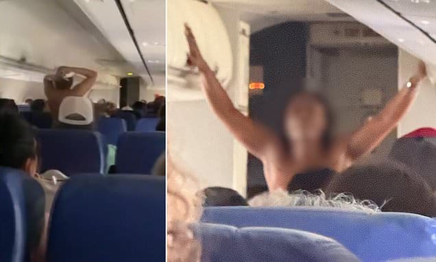 ASouthwestflightwasforcedtoreturntoitsgateafterafemalepassengerrannakedupanddownitsaislefor25minutes.  ThemomentcameduringaflightfromHouston’sWilliamP.HobbyAirporttoPhoenixonMondaywhenthewomanstrippednakedinfrontofstunnedpassengers.  FootagetakenbyBeastGamescontestantMacyEstevez,andfirstsharedbyABC13,showedthewoman,whohasnotbeennamed,bareherbreastsasshegyratedbeforethecabinoftheBoeing737.  Estevezreportedlysaidshecontinuedparadingonboardfornearlyhalfanhourbeforeauthoritiessteppedinanddetainedher.  TheHoustonPoliceDepartmenttookthewomanawayformedicalevaluations,howeverthedepartmentdidnotsayifitwouldbebringingcharges.  Inastatement,SouthwestAirlinesconfirmedtheincidentasitapologizedtopassengersforthebizarredisruption.  ‘LocallawenforcementmetFlight733fromHoustontoPhoenixMondayafternoonafteritreturnedtoth
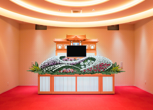 式場にて通夜式、葬儀式を執り行います。お越しいただきました皆様が 故人様との最後のお時間をお過ごしいただけるよう、スタッフが皆様の想いに寄り添いサポートいたします。葬儀式終了後は御棺をご霊柩車にお乗せし、火葬場へとご出棺いたします。
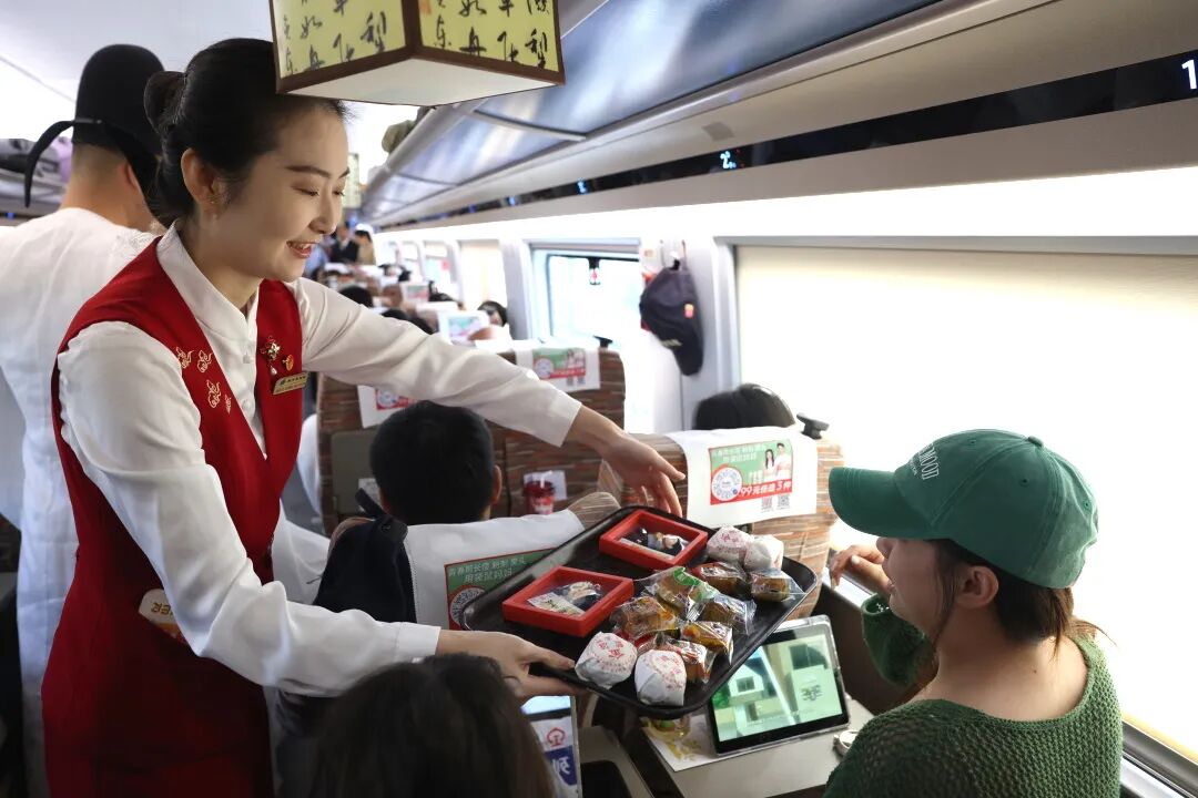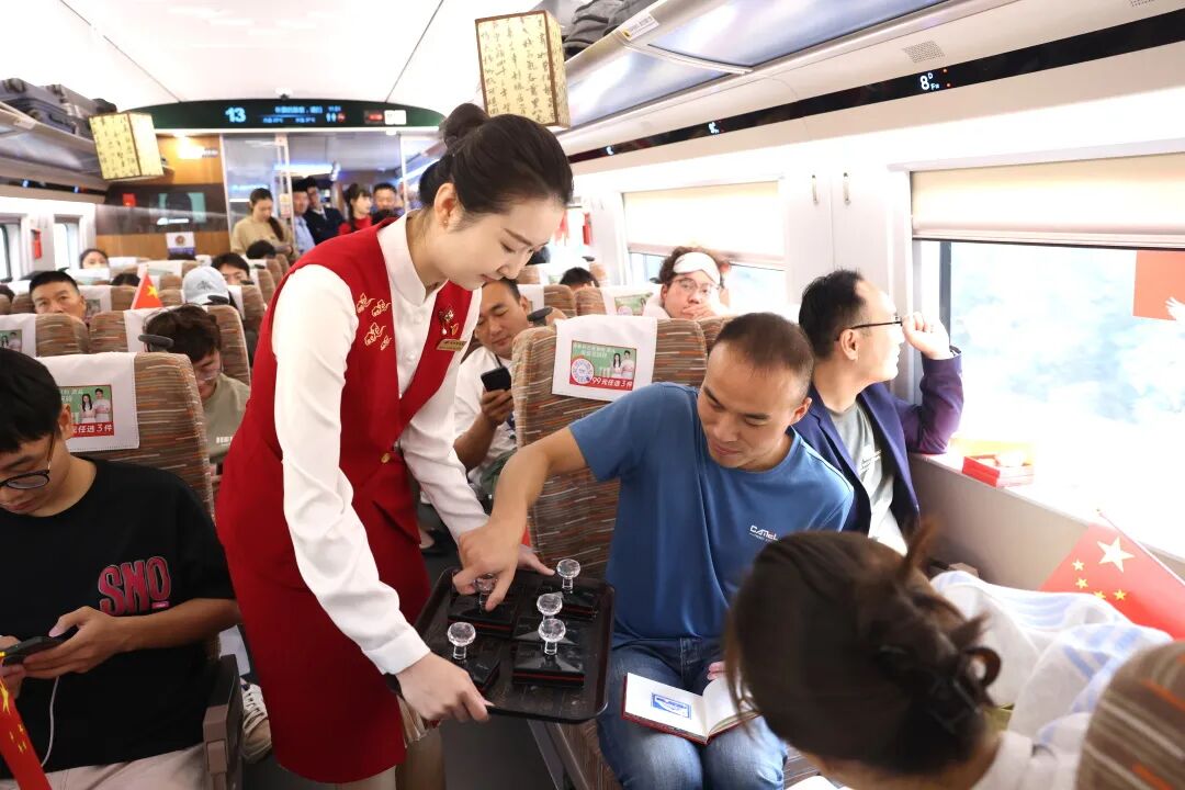 魔術師抖開綢緞,變出秦嶺的雲嵐;乘務員起舞時,裙襬綻開大明宮的秋海棠。當《我和我的祖國》的旋律響起,我看見對面香港旅客眼角閃動的淚光——此刻我們同在一條鋼軌上,共守着這片月圓的土地。
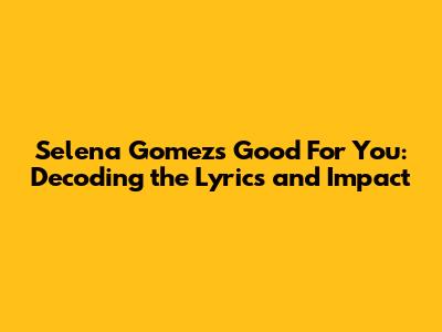 Selena Gomez's 'Good For You': Meaning, Translation, And Impact
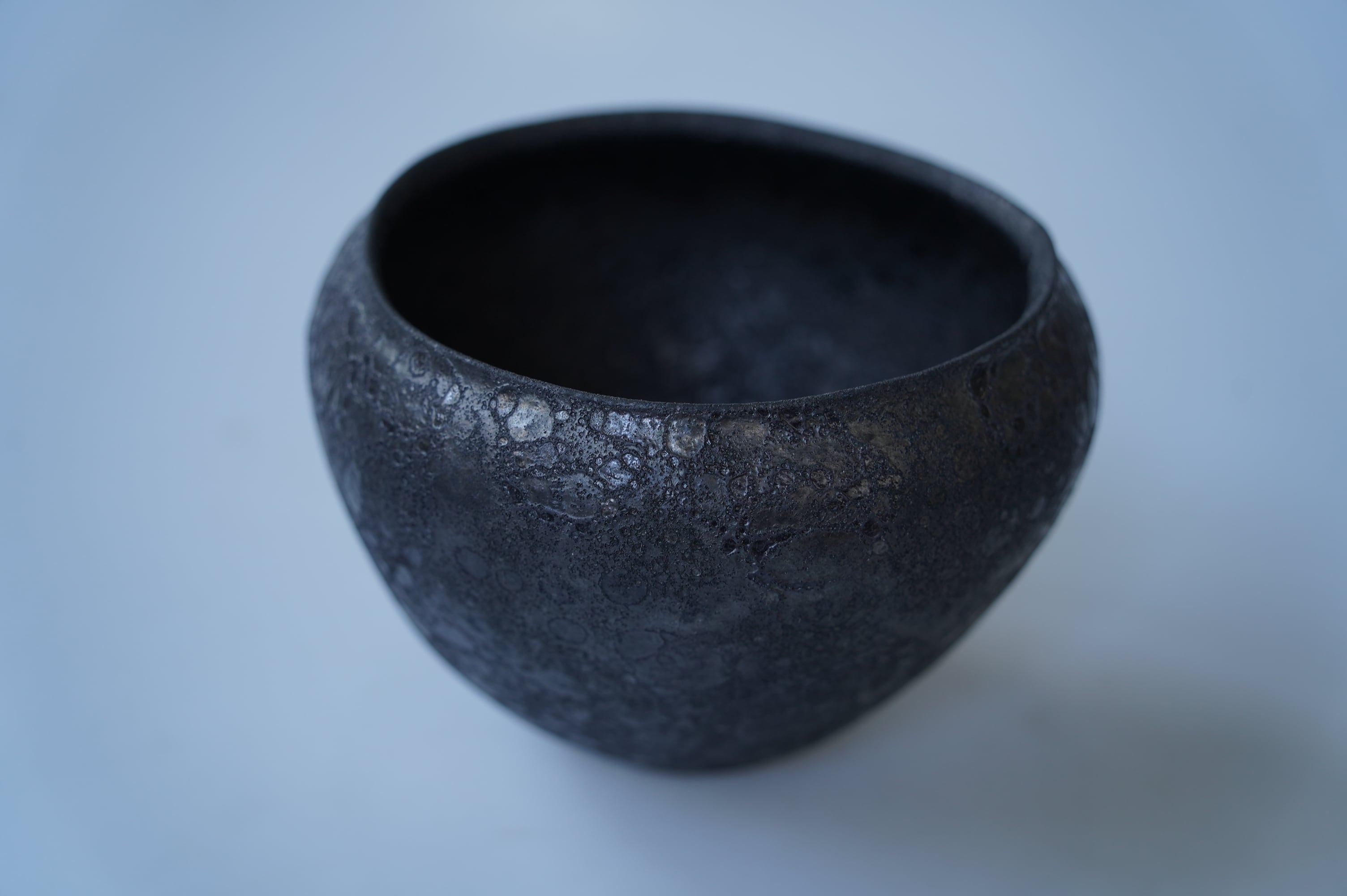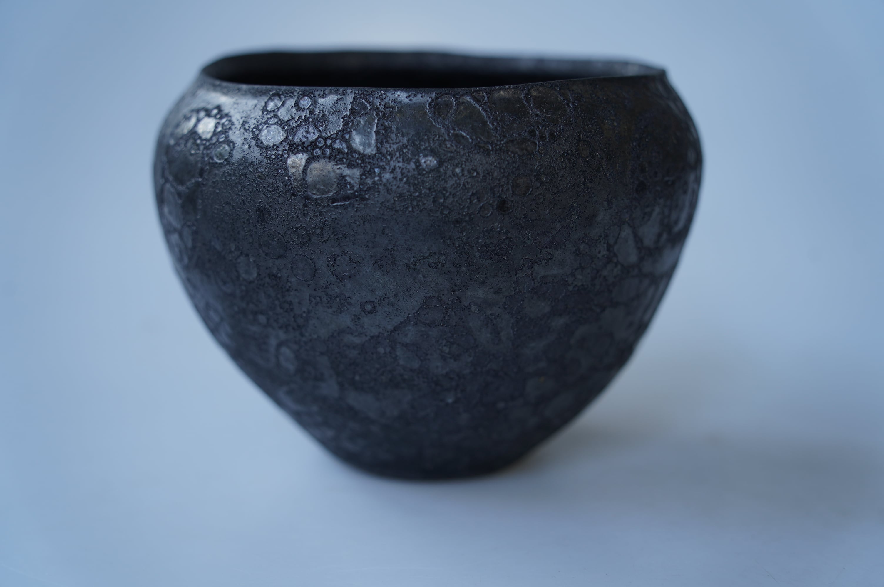 本来青く色が出るコバルト釉を調合で黒に発色させさらに発泡させています。
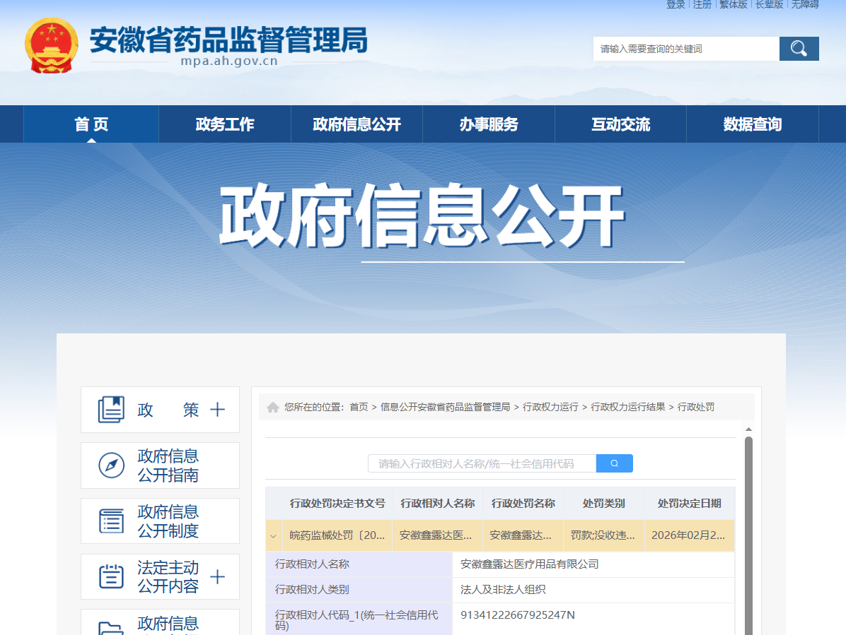 此前,在2025年12月22日,安徽鑫露达医疗用品有限公司因被抽检到不符合规定的产品,被处以罚款2万元。
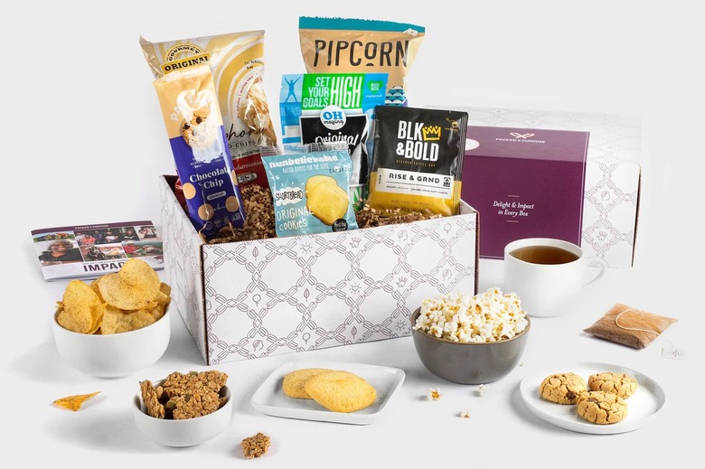 The Black-Owned Spotlight gift box contains a variety of treats, foods, and coffee from various Black-owned businesses. Each featured brand supports causes and individuals, including the Food Equality Initiative, domestic youth, agricultural biodiversity, employment training, healthy lifestyles, and meal donations.

· · · · · · ·

▶ BRIEF:
Type the listing out again word for word, passing over each picture.

▶ ANSWER FOR THIS EXERCISE:
 ASouthwestflightwasforcedtoreturntoitsgateafterafemalepassengerrannakedupanddownitsaislefor25minutes.  ThemomentcameduringaflightfromHouston’sWilliamP.HobbyAirporttoPhoenixonMondaywhenthewomanstrippednakedinfrontofstunnedpassengers.  FootagetakenbyBeastGamescontestantMacyEstevez,andfirstsharedbyABC13,showedthewoman,whohasnotbeennamed,bareherbreastsasshegyratedbeforethecabinoftheBoeing737.  Estevezreportedlysaidshecontinuedparadingonboardfornearlyhalfanhourbeforeauthoritiessteppedinanddetainedher.  TheHoustonPoliceDepartmenttookthewomanawayformedicalevaluations,howeverthedepartmentdidnotsayifitwouldbebringingcharges.  Inastatement,SouthwestAirlinesconfirmedtheincidentasitapologizedtopassengersforthebizarredisruption.  ‘LocallawenforcementmetFlight733fromHoustontoPhoenixMondayafternoonafteritreturnedtoth
 式場にて通夜式、葬儀式を執り行います。お越しいただきました皆様が 故人様との最後のお時間をお過ごしいただけるよう、スタッフが皆様の想いに寄り添いサポートいたします。葬儀式終了後は御棺をご霊柩車にお乗せし、火葬場へとご出棺いたします。
 魔術師抖開綢緞,變出秦嶺的雲嵐;乘務員起舞時,裙襬綻開大明宮的秋海棠。當《我和我的祖國》的旋律響起,我看見對面香港旅客眼角閃動的淚光——此刻我們同在一條鋼軌上,共守着這片月圓的土地。
 Selena Gomez's 'Good For You': Meaning, Translation, And Impact
 本来青く色が出るコバルト釉を調合で黒に発色させさらに発泡させています。
 此前,在2025年12月22日,安徽鑫露达医疗用品有限公司因被抽检到不符合规定的产品,被处以罚款2万元。
 The Black-Owned Spotlight gift box contains a variety of treats, foods, and coffee from various Black-owned businesses. Each featured brand supports causes and individuals, including the Food Equality Initiative, domestic youth, agricultural biodiversity, employment training, healthy lifestyles, and meal donations.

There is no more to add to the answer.